-- WHAT YOU SHOULD DO --
In the listing below, find the line containing "Klasse von 2025" and the line containing "Trump Fight Flag". Repeat exactly those two lines and every line between them.

-- RECORDS FOR PROCESSING --
^^^^
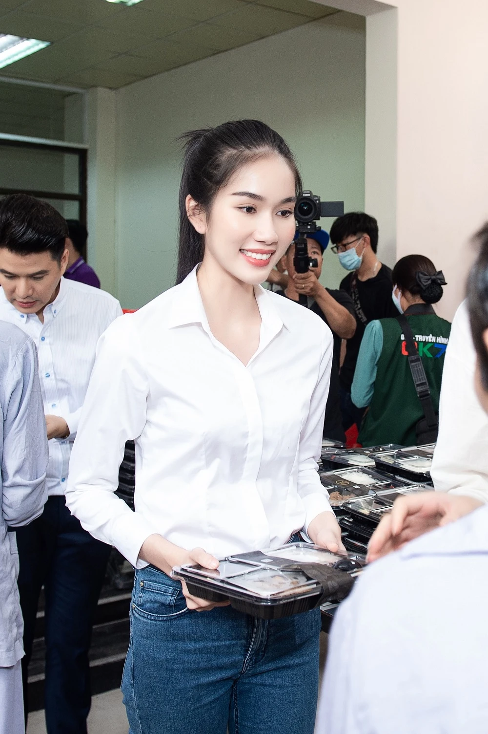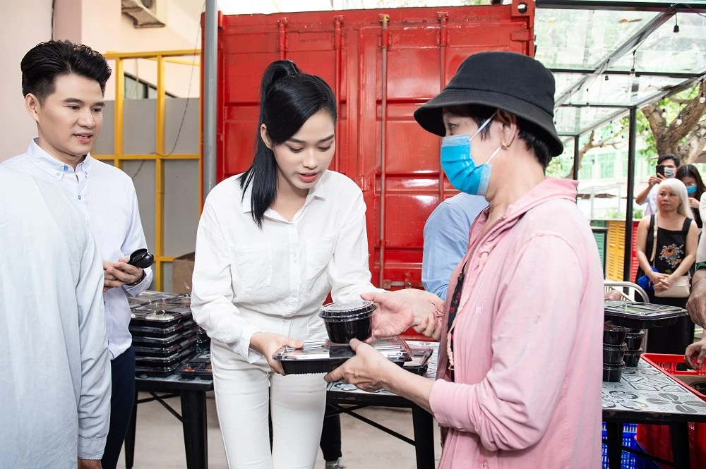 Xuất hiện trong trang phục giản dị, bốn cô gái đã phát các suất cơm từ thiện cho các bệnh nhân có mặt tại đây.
^^^^
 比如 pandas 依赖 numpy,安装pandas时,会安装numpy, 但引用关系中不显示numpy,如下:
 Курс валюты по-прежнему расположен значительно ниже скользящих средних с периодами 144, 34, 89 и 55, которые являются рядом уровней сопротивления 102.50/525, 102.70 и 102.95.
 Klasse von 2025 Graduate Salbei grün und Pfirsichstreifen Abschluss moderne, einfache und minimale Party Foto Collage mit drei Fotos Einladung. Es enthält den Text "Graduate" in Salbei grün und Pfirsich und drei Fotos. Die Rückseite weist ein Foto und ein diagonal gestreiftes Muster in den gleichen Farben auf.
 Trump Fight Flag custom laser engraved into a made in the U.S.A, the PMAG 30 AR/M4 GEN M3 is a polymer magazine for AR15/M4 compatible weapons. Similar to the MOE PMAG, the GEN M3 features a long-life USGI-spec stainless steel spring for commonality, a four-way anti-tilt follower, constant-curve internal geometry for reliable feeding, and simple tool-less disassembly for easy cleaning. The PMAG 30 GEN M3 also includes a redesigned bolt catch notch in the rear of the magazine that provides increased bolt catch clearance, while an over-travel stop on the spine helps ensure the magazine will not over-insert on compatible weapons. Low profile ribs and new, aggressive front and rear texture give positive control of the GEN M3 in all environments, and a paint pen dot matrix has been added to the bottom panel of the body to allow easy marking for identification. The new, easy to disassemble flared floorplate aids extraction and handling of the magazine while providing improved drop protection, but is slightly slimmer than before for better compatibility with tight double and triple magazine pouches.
^^^^
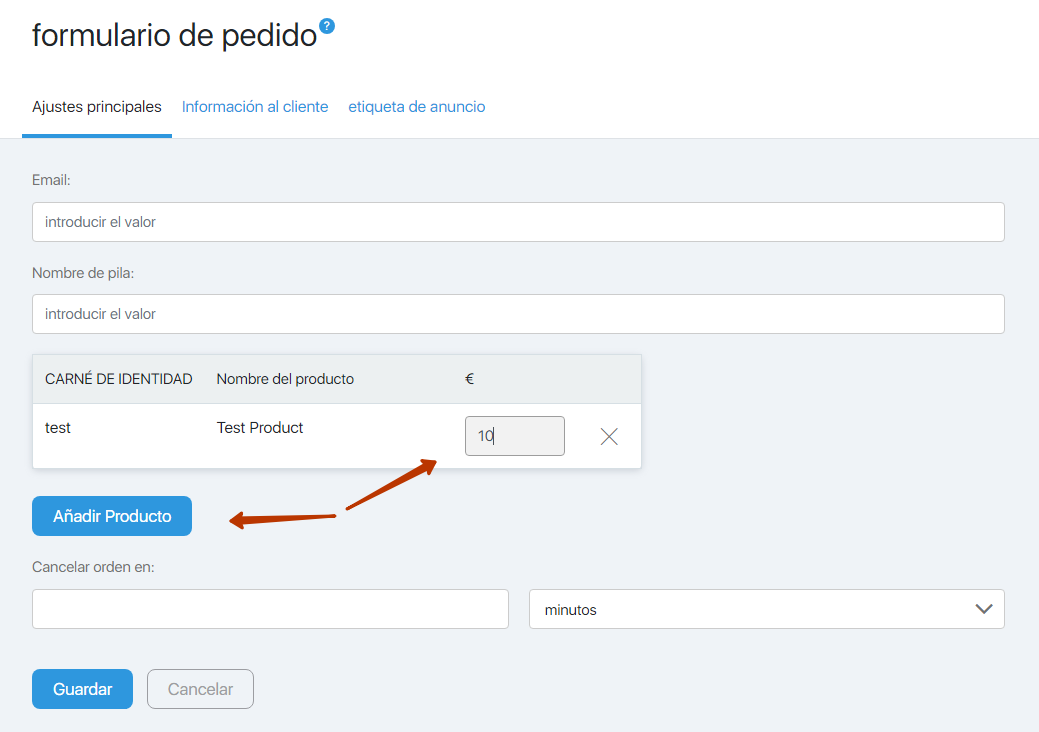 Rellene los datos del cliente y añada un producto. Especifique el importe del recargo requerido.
^^^^
-- SOLUTION TO THIS PROBLEM --
 Klasse von 2025 Graduate Salbei grün und Pfirsichstreifen Abschluss moderne, einfache und minimale Party Foto Collage mit drei Fotos Einladung. Es enthält den Text "Graduate" in Salbei grün und Pfirsich und drei Fotos. Die Rückseite weist ein Foto und ein diagonal gestreiftes Muster in den gleichen Farben auf.
 Trump Fight Flag custom laser engraved into a made in the U.S.A, the PMAG 30 AR/M4 GEN M3 is a polymer magazine for AR15/M4 compatible weapons. Similar to the MOE PMAG, the GEN M3 features a long-life USGI-spec stainless steel spring for commonality, a four-way anti-tilt follower, constant-curve internal geometry for reliable feeding, and simple tool-less disassembly for easy cleaning. The PMAG 30 GEN M3 also includes a redesigned bolt catch notch in the rear of the magazine that provides increased bolt catch clearance, while an over-travel stop on the spine helps ensure the magazine will not over-insert on compatible weapons. Low profile ribs and new, aggressive front and rear texture give positive control of the GEN M3 in all environments, and a paint pen dot matrix has been added to the bottom panel of the body to allow easy marking for identification. The new, easy to disassemble flared floorplate aids extraction and handling of the magazine while providing improved drop protection, but is slightly slimmer than before for better compatibility with tight double and triple magazine pouches.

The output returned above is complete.